Unfortunately an automated merging is probably not optimal based upon subject lines. We probably need to eyeball it and select many manually and then tell the system to merge all of these into a common topic.

It seems that the best (really only one) place to do that is within the actual topical view of a category. Doing it via the method you present in the guide is incredibly burdensome and simply not feasible since you have to go into a topic that has only one post, then go through the process of selecting that post, and then isolating the parent post and then combining it. These becomes further complicated when there are tens or hundreds of posts that already have the same subject line.

So what we need is a “Select topics…” function at the category view that works similar to how the “Select posts…” function works within a topic view.

Does this make sense?

1 Like

It sounds to me like you are at a crossroads. You have to decide how important it is for you to have these old yahoo messages correctly and tidily contained within one topic.

If it is important, my suggestion would be to go back a step and fix the mbox files. And then import them in carefully prepared small batches.

The best way to do this is probably to import them to mozilla thunderbird and fiddle with them there. Each thunderbird folder is its own mbox file, so you could move all related messages into one folder and then open up that mbox file in a text editor and do a search and replace to correct the message id, which is used by the importer to determine which belong together in one topic.

Really the best solution is to go back in time and convince the programmers who created outlook to try a bit harder to follow prevailing email standards.

3 Likes

One thing that I wonder: @pfaffman are you aware of any way to do something like this programmatically at this point? I MIGHT be willing to use the shotgun approach where I just say “merge all topics with the same subject line + this prependment”.

What I mean by this is as per my first OP here above wherein I note how some of the “Some Topic Name” topics are prefixed with “[mailing list name]”. Basically I could just use a “nuclear” merge option to pull everything that is LIKELY related and then split them out when users have inadvertently used the same topic names / subjects…

Lol, yeah, not a bad suggestion @tobiaseigen, but there’s no way in creation I’m going to be able to find the time to take this arduous step with so many tens of thousands of messages.

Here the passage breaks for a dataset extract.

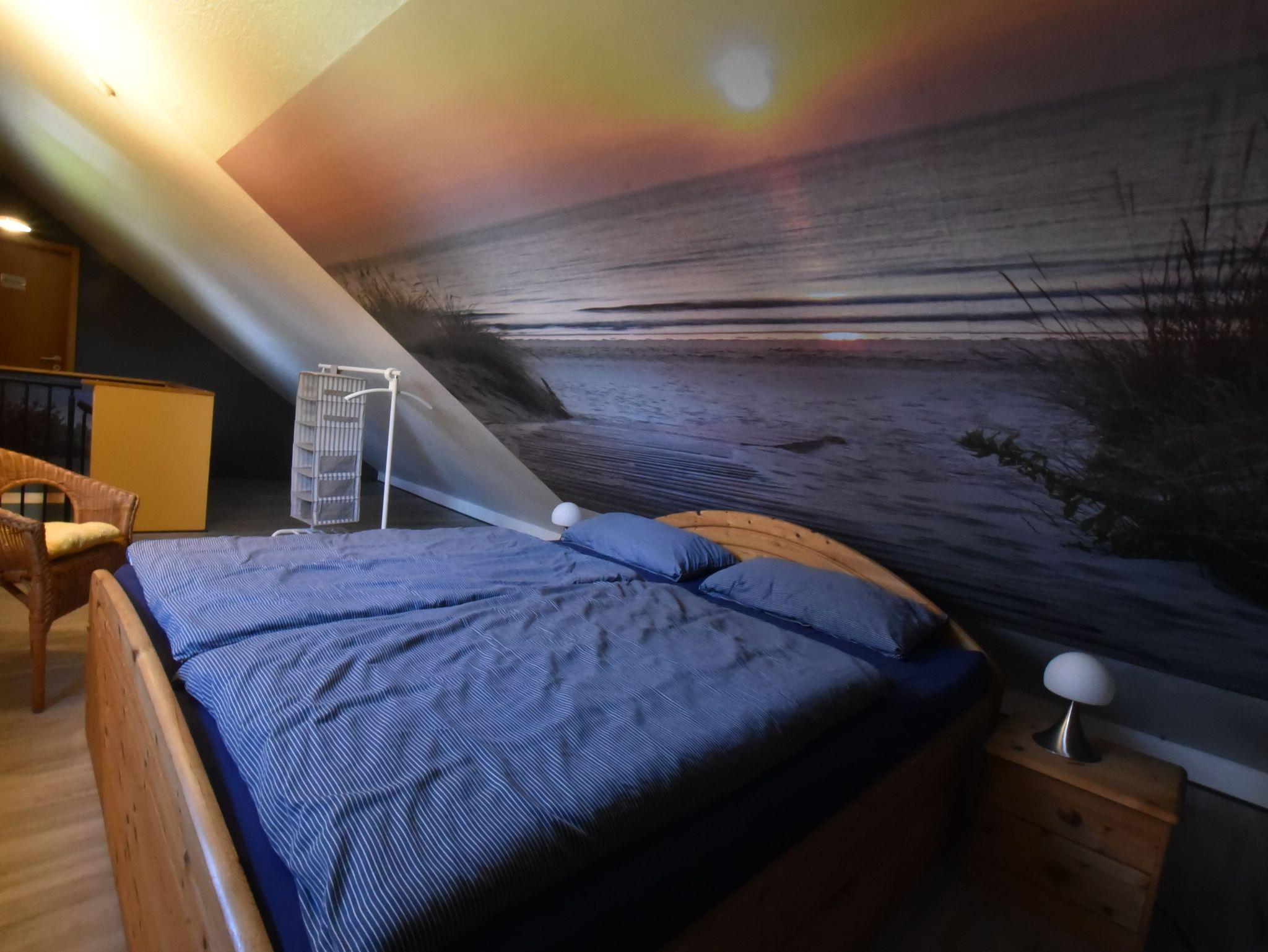 2 getrennte Schlafzimmer - EG: Boxspringbett 180 x 200 cm, OG: Doppelbett 180 x 200 cm. Großzügiger Wohn/ Essbereich mit Küche. Großzügiges Duschbad. Terrasse mit Strandkorb und Gartenmöbeln.

The mboxes alone are over 500 MB. I’m going to try my luck at just fixing things over time from within Discourse since I can have other mods also help this way. I’m hoping either we find some other suggestions as per my last question or we’ll work on implementing a plugin if there are no other options.

I’d recommend starting over and getting the import to do it right to begin with; what @tobiaseigen recommended sounds promising. It’s been a long while since I did a big mbox import and I did a bunch of work up front fixing stuff like you describe. If that’s not an option then you can try something on the rails side where you somehow collect all the posts you think belong together, then sort them by date and create a new topic (or choose the first one) and move all the posts to the new topic.

It’d take me a while to come up with actual code.

1 Like

Well there has been a lot of participation on the forum since the importation so at this point I don’t believe a “start over” is within the realm of possibility. I’d be a little too scared to do much in the way of deletion and mods have already started massaging the imported data as well as merging accounts, etc.

I’ll look into a Rails method myself at some point here and then share what I come up with unless someone has a suggestion before I get a chance to do it. We’ll just leave things “messy” over the holidays here if necessary and until we figure this little screwball out.

1 Like